Même des candidats honnêtes et remplis de bonne volonté sont souvent à côté de la plaque. « Garantir l’intégrité physique et morale des enfants intersexu·é·s », ça en jette mais c’est vague et concrètement ça ne veut rien dire si on ne dit pas par quels moyens. « Garantir des recherches universitaires sur ces sujets », c’est de bonne guerre parce que ça vise directement Pécresse mais ça reste assez limité en terme d’impact sur ma vie quotidienne. « Garantir la reconnaissance des couples homoparentaux par l’administration », c’est déjà le cas depuis 2013 même si en pratique, les individus qui font tourner le mammouth sont parfois un peu réticents à changer leurs habitudes. « Financer des formations pour lutter contre les discriminations au travail », c’est un grand oui bien sûr, mais j’ai une croyance assez limitée en l’efficacité à grande échelle de ce genre de mesure. Si c’est aussi efficace que les stages de récupération de points pour le permis de conduire…

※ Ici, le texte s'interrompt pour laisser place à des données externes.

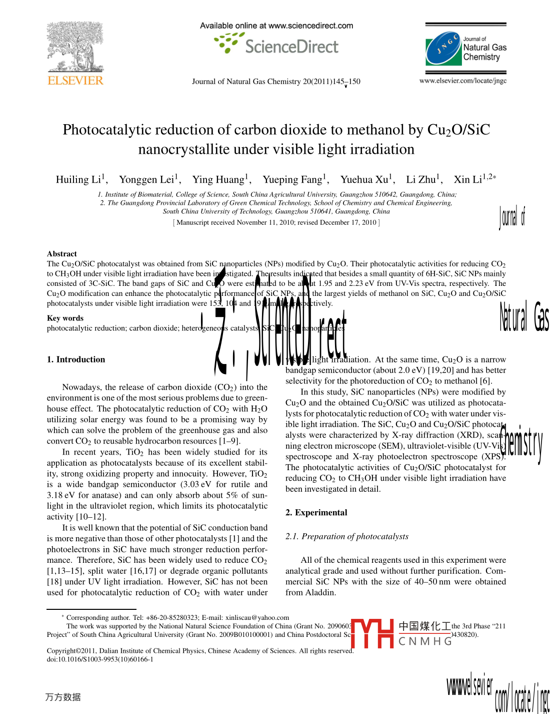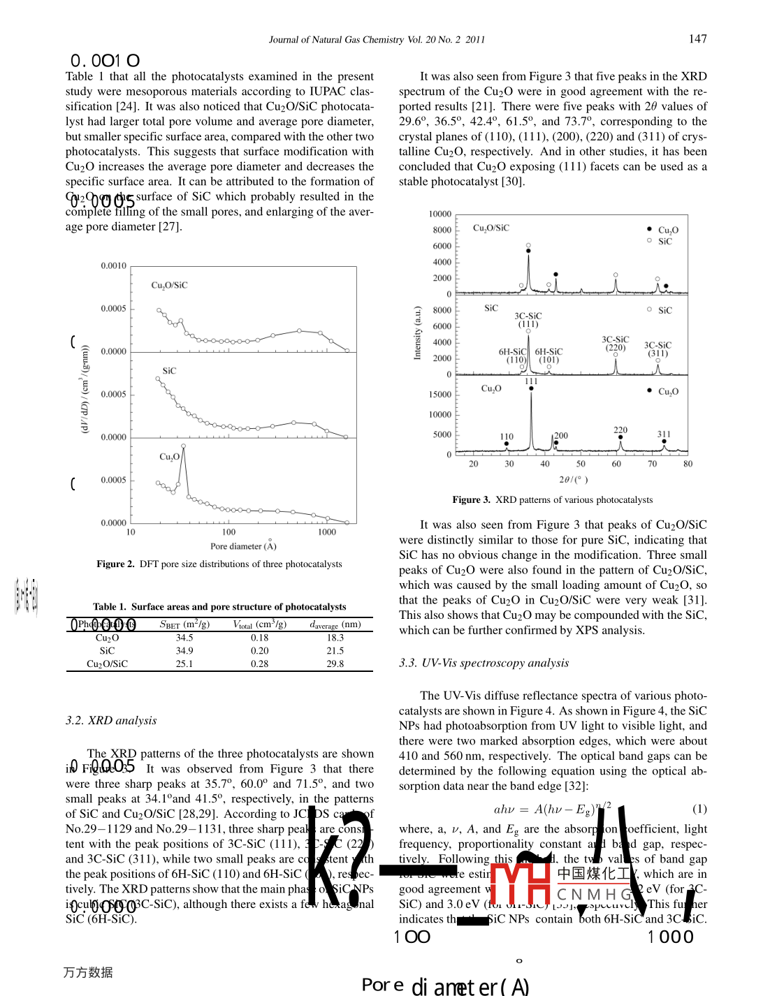 Available online at www.sciencedirect.com| Joumal ofScienceDirect7I Natural GasChemistryEL SEVIERJournal of Natural Gas Chemistry 20(201 1)145-150www.elsevier.com/locate/jngcPhotocatalytic reduction of carbon dioxide to methanol by Cu2O/SiCnanocrystallite under visible light irradiationHuiling Lil,Yonggen Leil,Ying Huang',Yueping Fang',YuehuaXu', Li Zhu',XinLil2*I. Institute of Biomaterial, College of Science, South China Agricutural University, Guangzhou 510642, Guangdong, China;2. The Guangdong Provincial Laboratory of Green Chemical Teclnology, School of Chemistry and Chemical Engineering,South China University of Technology, Guangzhou 51064 I, Guangdong, Chin[ Manuscript reeved November 11, 2010; revised December 17. 2010 ]JomdAbstractThe Cu2O/SiC photocatalyst was obtained from SiC nanoparticles (NPs) modified by Cu2O. Their photocatalytic activities for reducing CO2to CH3OH under visible light irradiation have been int stigated. Thepresults indicated that besides a small quantity of 6H-SiC, SiC NPs mainlyconsisted of 3C-SiC. The band gaps of SiC and Cu2O were estpnated to be alht 1.95 and 2.23 eV from UV-Vis spectra, respectively. TheCu2O modification can enhance the photocatalytic pl rformanceof SiC NPs, and the largest yields of methanol on SiC, Cu2O and Cu2O/SiCphotocatalysts under visible light iradiation were 153, 104 anddiationwere 152 10andlImtively.Key wordsphotocatalytic reduction; carbon dioxide; heterogeneo s catalysts1. IntroductionV| tbttlingnttaliation. At the same time, Cu2O is a nrrowbandgap semiconductor (about 2.0 eV) [19,20] and has betterNowadays, the release of carbon dioxide (CO2) into theselectivity for the photoreduction of CO2 to methanol [6].In this study, SiC nanoparticles (NPs) were modified byenvironment is one of the most serious problems due to green-Cu2O and the obtained Cu2O/SiC was utilized as photocathouse effect. The photocatalytic reduction of CO2 with H2Olysts for photocatalytic reduction of CO2 with water under vis-utilizing solar energy was found to be a promising way byible light iradiation. The SiC, Cu2O and Cu2O/SiC photocapwhich can solve the problem of the greenhouse gas and alsoalysts were characterized by X-ray diffraction (XRD), scaconvert CO2 to reusable hydrocarbon resources [1- -9].In recent years, TiO2 has been widely studied for itsning electron microscope (SEM), ultraviolet-visible (UV-Viapplication as photocatalysts because of its excellent stabil-spectroscope and X-ray photoelectron spectroscopeity, strong oxidizing property and innocuity. However, TiO2The photocatalytic activities of Cu2O/SiC photocatalyst foris a wide bandgap semiconductor (3.03eV for rutile andreducing CO2 to CH3OH under visible light irradiation have3.18eV for anatase) and can only absorb about 5% of sun-been investigated in detail.light in the ultraviolet region, which limits its photocatalytic2. Experimentalactivity [10-12].is more negative than those of other photocatalysts [1] and the2.1. Preparation of photocatalystsphotoelectrons in SiC have much stronger reduction perfor-mance. Therefore, SiC has been widely used to reduce CO2All of the chemical reagents used in this experiment were[1,13-15], split water [16,17] or degrade organic pollutantsanalytical grade and used without further purification. Com-. [18] under UV light irradiation. However, SiC has not beenmercial SiC NPs with the size of 40- -50 nm were obtainedused for photocatalytic reduction of CO2 with water underfrom Aladdin.* Corresponding author. Tel: +86-20-85280323; E-mail: xinliscau @ yahoo.comThe work was supported by the National Natural Science Foundation of China (Grant No. 209060中國煤化工the 3rd Phase“211.Poject" of South China Agricultural University (Grant No. 2009B010100001) and China Postdoctoral ScYHCNMHG430820).CopyrightO201 1, Dalian Institute of Chemical P, Chinese Academy of Sciences.All rights reserved.doi: 10.1016/S 10039953( 10)60166-1146Huiling Li et al./ Jourmal of Natural Gas Chemistry Vol. 20 No.220110The synthesis of Cu2O was performed according to themethod reported by Wang et al. [21]. In a typical prepara-continuously bubbled through the above solution in the reac-gn process, CuSO4.5H2O (3.3 g) was dissolved in 400 mLtor during the whole iradiation. The radiation time was5h. Adeionized water, and 20 mL NaOH aqueous solution (1.5 M)needle-type probe was inserted into the solution in the reactorwas added under vigorous stirring. After stirring for 15 min,to withdraw a small amount of liquid sampleat 1 h, 2h, 2.5h,1.5 mL N2H4:H2O aqueous solution (13.7 M) was added3h, 3.5h, 4h, 4.5 h and 5 h, respectively. The concentration6opwise into the blue Cu(OH)2 colloidal solution with con-of methanol in the samples was analyzed using a GC9560 gasstant stiring. After the blue precipitates were completely re-chromatograph equipped with a flame ionization detector andduced by N2H4H2O, they turned into red. Then the red pre-a stainless steel packed column (Porapak-Q, 2 mmx3 m).cipitates were filtered, washed with distilled water for severalAnes, and finally dried in a vacum oven at 60 °C for 3 h. .3. Results and discussionThe preparation of Cu2O/SiC photocatalysts was similarto that of Cu2O. SiC NPs (3 g) and CuSO4.5H2O (0.52g)3.1. Surface area and pore structure analyseswere dispersed in 400 mL deionized water, then precipitated好20 mL 1.5 M NaOH solution and reduced by N2H4:H2O.I he nitrqgen. adsorption-desorption isotherms of threeThe obtained samples世tehin vduoven afor3h.8-m. m06儆的妒弋卞卻一0^下嬸=to the Bet lclasAfilcation |24]. VAnd each Isothelm'showedisohern saccordingCharacterizationa distinct hysteresis loop, which is associated with the capil-lary condensation taking place in mesopores, indicating thatThe specific surface area, pore volume, and average poreall photocatalysts are mesoporous [25,26]. .Gameter of the photocatalysts were measured by nitrogen ad-sorption at the liquid nitrogen temperature of 77 K with thehelp of an ASAP 2010 volumet

Non, la seule mesure efficace, on la connait tous, serait de changer les mentalités, changer l’image même de l’homosexualité. On l’a fait pour la cigarette, qui est passée en cinquante ans d’accessoire cool et indispensable à truc ringard qui pue et qui donne le cancer ; mais ça demande des campagnes de prévention massives, des interventions en milieu scolaire, des lois radicales, et un putain de courage politique, parce que oui, changer les habitudes de la population, même si on a de bons arguments pour le faire, même si c’est pour aller dans le sens du progrès, ce n’est pas populaire. Et franchement, vu les tempêtes de merde qu’on se tape dès qu’une association placarde des affiches un peu explicites dans les rues ou qu’un manuel pédagogique parle d’homosexualité au collège ou au lycée, je ne crois pas qu’il y ait à l’heure actuelle un·e seul·e politique qui serait capable de mener un tel programme.